Problem to solve » Restate the listing that follows word for word, without its pictures.

*** Block opens ***

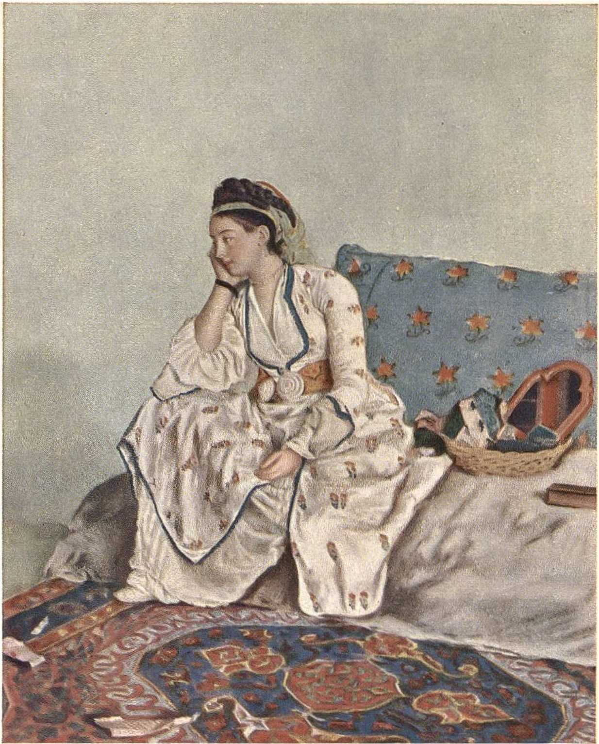
Die Gräfin von Coventry, von Jean Etienne Liotard, Genf, 1702–1789. (Kunstmuseum, Genf.)
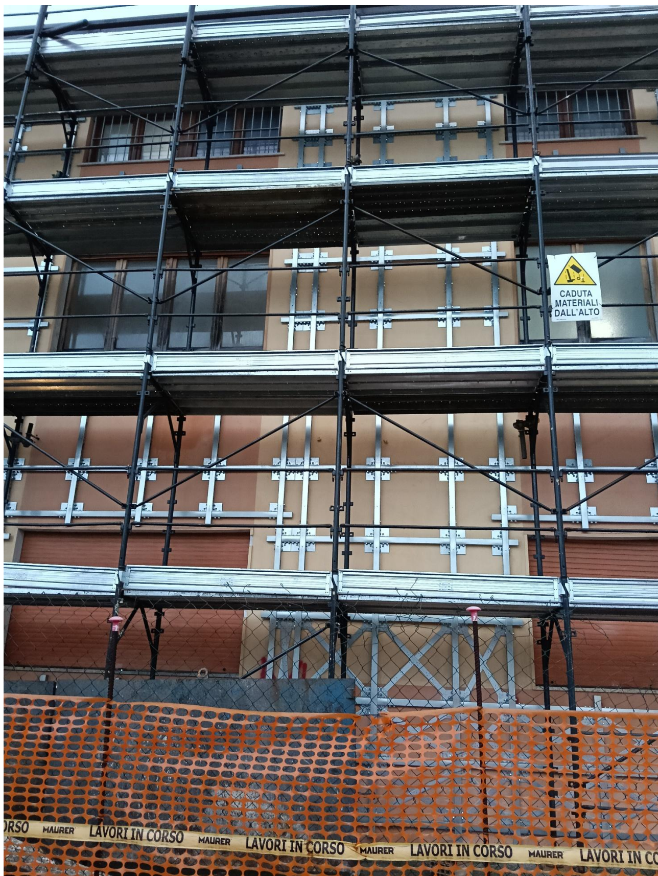
Figura 23 Rilievo fotografico del 20/10/2025
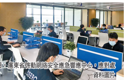
「黑客帝國」組團抹黑中國 用心惡毒
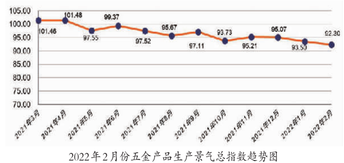
2022年2月份五金产品生产景气指数趋势图

2月份,五金产品生产景气指数收于92.30点,环比下跌1.20点,生产状况略差于上月。从十二大类行业来看,生产景气指数呈现两升九降一平格局。结构性指标呈现不同程度波动,其中,要素供给景气指数环比上升0.66点,市场需求景气指数环比上升0.09点,运营效益景气指数环比上升0.18点,总体判断景气指数环比下降4.64点。
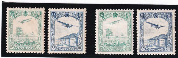
45-11 満州航空切手 第1次・2次4種セット OH
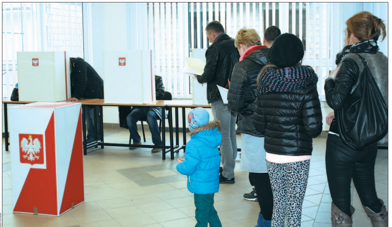
W ościennych gminach jest już po wyborach, w Sanoku ponownie pójdziemy do urn w niedzielę.

*** Block closes ***

The completed task »
Die Gräfin von Coventry, von Jean Etienne Liotard, Genf, 1702–1789. (Kunstmuseum, Genf.)
Figura 23 Rilievo fotografico del 20/10/2025
「黑客帝國」組團抹黑中國 用心惡毒
2022年2月份五金产品生产景气指数趋势图

2月份,五金产品生产景气指数收于92.30点,环比下跌1.20点,生产状况略差于上月。从十二大类行业来看,生产景气指数呈现两升九降一平格局。结构性指标呈现不同程度波动,其中,要素供给景气指数环比上升0.66点,市场需求景气指数环比上升0.09点,运营效益景气指数环比上升0.18点,总体判断景气指数环比下降4.64点。
45-11 満州航空切手 第1次・2次4種セット OH
W ościennych gminach jest już po wyborach, w Sanoku ponownie pójdziemy do urn w niedzielę.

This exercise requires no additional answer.